Fig. 8. GCA-neutralizing antibody (GCA-NAb) improves adipose tissue inflammation and insulin sensitivity in obese mice.

a–c Inflammatory gene expression in eWAT(a), liver(b) and adipocyte(c) from DIO mice treated with PBS or different concentrations of GCA-NAb for 2 months (n = 6). d F4/80 immunohistochemistry and flow analyses of macrophage in eWAT from DIO mice treated with PBS or different concentrations of GCA-NAb for 2 months (n = 3). e Gene expression in SVF from diet-induced obesity (DIO) mice treated with PBS or different concentrations of GCA-NAb for 2 months (n = 6). f Flow cytometry analysis of CD4+Tbet+ Th1 cells and CD4+Foxp3+ Treg cells in eWAT from DIO mice treated with PBS or different concentrations of GCA-NAb for 2 months (n = 3). g–i Fasting blood glucose, fasting insulin and HOMA-IR index of DIO mice treated with PBS or different concentrations of GCA-NAb for 2 months (n = 6). j–k GTT and ITT of DIO mice treated with PBS or different concentrations GCA-NAb for 2 months (n = 6). The values for the GTT graph are the absolute measured blood glucose concentrations, but for the ITT graph, the values for each different group represent the percentage of the initial measured blood glucose concentration at time 0 for that group. l AUC of ITT, in which the values of the y-axis are the absolute measured blood glucose concentrations (n = 6). Data are presented as means ± SEM. n indicates the number of biologically independent samples examined. Statistical analysis was assessed by one-way ANOVA with Tukey’s multiple-comparison test and significant differences were indicated with p values. Source data are provided as a Source Data File.

Fig. 9. Scheme of myeloid-derived grancalcin instigates obesity-induced insulin resistance and metabolic inflammation.
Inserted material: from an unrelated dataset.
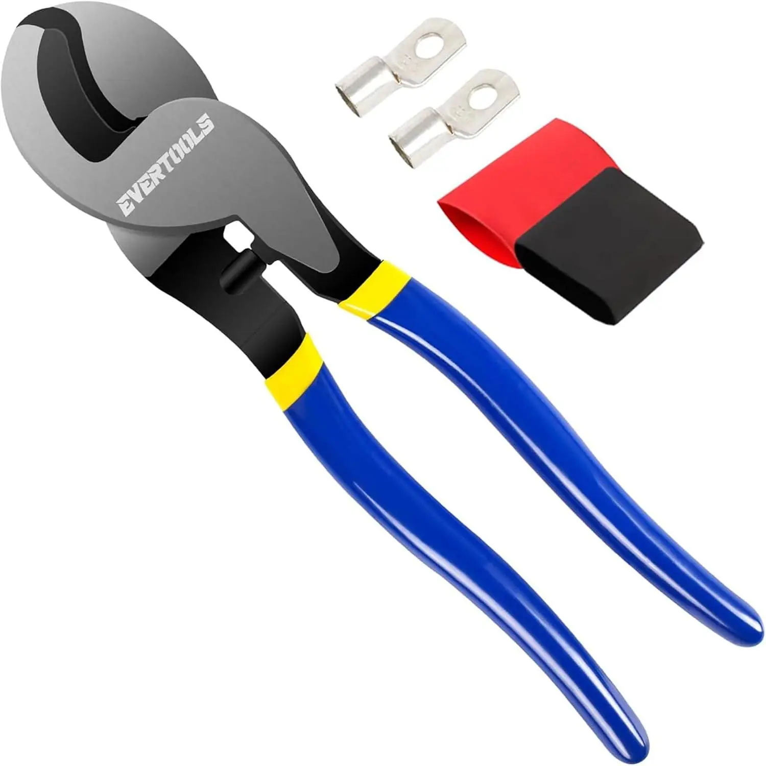 Ready-to-Use Kit: Includes the cable cutter tool plus 2 insulated ring terminals (1/0 AWG, 3/8 in. stud) and 2 heat-shrink sleeves (9 mm diameter, 3:1 shrink ratio)-helpful for finishing cable connections cleanly and securely

Obesity induces neutrophils and monocytes-macrophages producing copious amount of GCA. And GCA binds to the Prohibitin-2 (PHB2) receptor on adipocytes and activated the innate and adaptive immune response of adipocytes via PAK1-nuclear factor kappa-B (NF-κB) signaling pathway, thus provoking initiates adipose tissue inflammation and insulin resistance. This diagram was created with MedPeer.com.